They seem oblivious to the fact that we live our lives in inextricable connection with other human beings who live and work together in a community and share common cultural elements, norms, values, beliefs, and—more often than not—a public authority. In other words, we live in a society. Those folks whose behavior annoys me are individuals who press up against and frequently exceed the boundaries of the social norms, rules, or laws that make up the social fabric, or the interconnectedness and relationships that give the society coherence. Such are the rule-breakers and line-jumpers, short-cutters and lie-tellers, miscreants and malefactors that pull at the threads in that fabric.
But, I hear you say, there are many areas of social life in which individuals may find themselves to some degree in conflict with society. Divergent beliefs, practices, and values may lead to social alienation or even persecution. Persons whose political ideologies deviate significantly from the dominant societal norms may face social exclusion, censorship, and nowadays, even violence. Activism or dissent against government policies inevitably lead to conflict, as do behaviors or lifestyles that challenge accepted norms. Economic disparities, poverty, unemployment, and class conflict engender tension and social unrest, especially when individuals or groups step up to advocate for redistribution of resources and challenge the inequality inherent in capitalism.

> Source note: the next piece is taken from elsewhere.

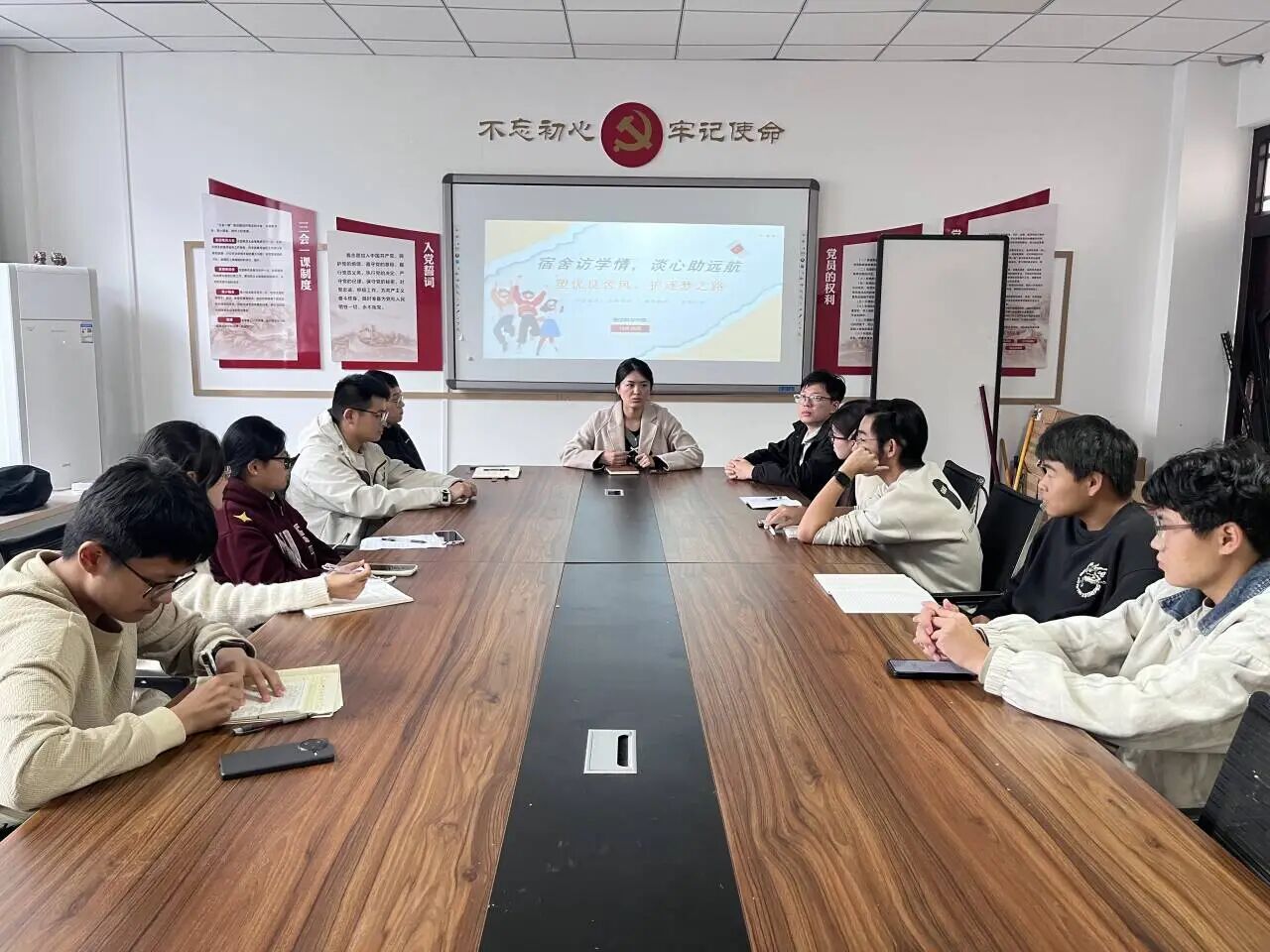 构建“领导班子带头、师生协同”的学风建设领导小组,领导小组成员常态化下沉课堂,检查学生按时到课、前排就坐、课堂互动等情况。同时,定期巡查卧谈熬夜、沉迷游戏等行为,织密学风建设“防护网”,筑牢优良学风根基。

Conflicts between individuals and the larger society fall along racial and ethnic lines, human and civil rights issues, mental health and disability concerns, environmental protection and economic interests, and even in the domain of education; restrictions on academic inquiry, free speech, and censorship cause conflicts between individual intellectual freedom and societal or governmental control. These and a host of other areas highlight the extent to which conflict arises from clashes between individual rights, identities, or beliefs on the one hand, and the values, norms, or power structures of the broader society on the other.
It's not just red light-runners who prioritize personal convenience over public safety that are problematic. There are numerous areas where individuals prioritize personal interests over social welfare and societal needs, leading to fabric thread-pulling conflict. I think of tax-cheaters who evade or avoid paying taxes because they prioritize personal wealth and financial gain over funding public services like education, healthcare, and infrastructure. Or the pollution-practicers who find the convenience of improperly disposing of waste and harmful substances more personally and economically beneficial than ensuring environmental sustainability and the health of others. Or water-stressors whose consumption of water for personal comfort, lifestyle or aesthetics undermines the necessity to conserve water for communal survival and stability. Or the anti-faxxers whose personal freedom and belief system takes priority and endangers public health and increasing the spread of disease. Or the doers of corruption and bribery, or other forms of dishonesty and disruption.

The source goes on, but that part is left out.